中国の気球の場合、これにより、Synthetaic のプラットフォームは、宇宙から見た気球のスケッチと、気球が撃墜された地域の最新の衛星画像のみを使用して、気球を発見することができました。

「RAICとは、データの量や質の制約を受けることなく、希少または複雑なデータセットを処理でき、AI開発を加速し、予測モデリングを向上させることを意味します」とヤスコルスキ氏は述べています。「これにより、RAICは、特にデータがAIの導入と実装のボトルネックとなっているユースケースにおいて、イノベーション、運用効率、そして競争優位性を推進するための戦略的資産として位置付けられます。」

モデルトレーニングにおける合成データの使用を検討している企業は Synthetaic だけではありません。

2022年4月のベンチャー投資ラウンドで1,700万ドルを調達したSynthesis AIは、様々なタイプのAIシステムを訓練するための合成データを生成するプラットフォームを開発しています。Scale AIは2年前、機械学習エンジニアが既存の実世界データセットを合成サンプルで強化できるプログラムを立ち上げました。他にも、Parallel Domainのような企業が、自動運転などの特定のユースケース向けに合成データを作成しています。
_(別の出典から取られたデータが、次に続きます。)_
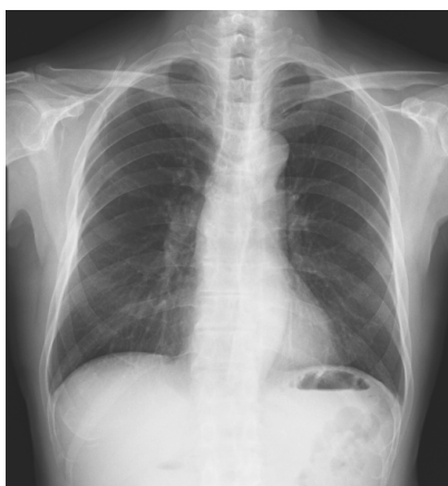
Fig. 4 Front View of Chest

Examples of images obtained using the image processing features described in (1) to (4) are shown in Fig. 4, 5, and 6.

ガートナーは、AIおよび分析プロジェクトの開発に使用されるデータの60%が2024年までに合成生成されると予測しています。しかし、業界が前進する一方で、合成データの欠点や潜在的な危険性が無視されているのではないかと懸念する専門家もいます。

合成
画像クレジット: Synthetaic

アリゾナ州立大学の研究者たちは、2020年1月の研究で、教授画像のデータセットで学習させたAIシステムが、非常にリアルな顔を生成することを示しました。ただし、その顔はほとんどが白人男性のものでした。このシステムは、予想通り、主に白人男性の教授を捉えていた元のデータセットのバイアスを増幅させてしまいました。

ちなみに、Synthetaic の顧客はリスクを恐れて逃げ出したわけではありません。

このスタートアップ企業は、米国空軍と協力して地理空間データにおけるAIを活用した物体検出の試験を行ったほか、非営利環境団体であるザ・ネイチャー・コンサーバンシーと協力して、絶滅したと考えられていた鳥類の種を特定したと主張している。また、Synthetaicは空軍研究所であるAFWERXと契約を結び、衛星画像における物体ラベル付け、AIモデリング、物体検出のための技術を開発している。

ヤスコルスキー氏は、  RAICはAIプロトタイピングからドローンによる監視やコンテンツモデレーションまで、無数の分野に応用できると考えています。CNNと共同でガザの戦争映像を分析したり、Planet Labsと提携して地球画像データに基づく分析ツールを販売したりしているシンセタイク社の事例を挙げ、同社の事業はテクノロジー業界の低迷、そしてより広範なマクロ経済の逆風にも耐えうると断言します。

「Synthetaicのテクノロジーは、AIモデルのトレーニングと作成に革新的なアプローチを提供し、技術意思決定者の重要なニーズに対応します」とJaskolski氏は述べています。「経営幹部にとって、SynthetaicのRAICは、データの量や質の制約を受けることなく、希少または複雑なデータセットを処理でき、AI開発を加速し、予測モデリングを向上させることを意味します。これにより、RAICは、特にデータがAIの導入と実装のボトルネックとなっているユースケースにおいて、イノベーション、業務効率、競争優位性を推進するための戦略的資産として位置付けられます。」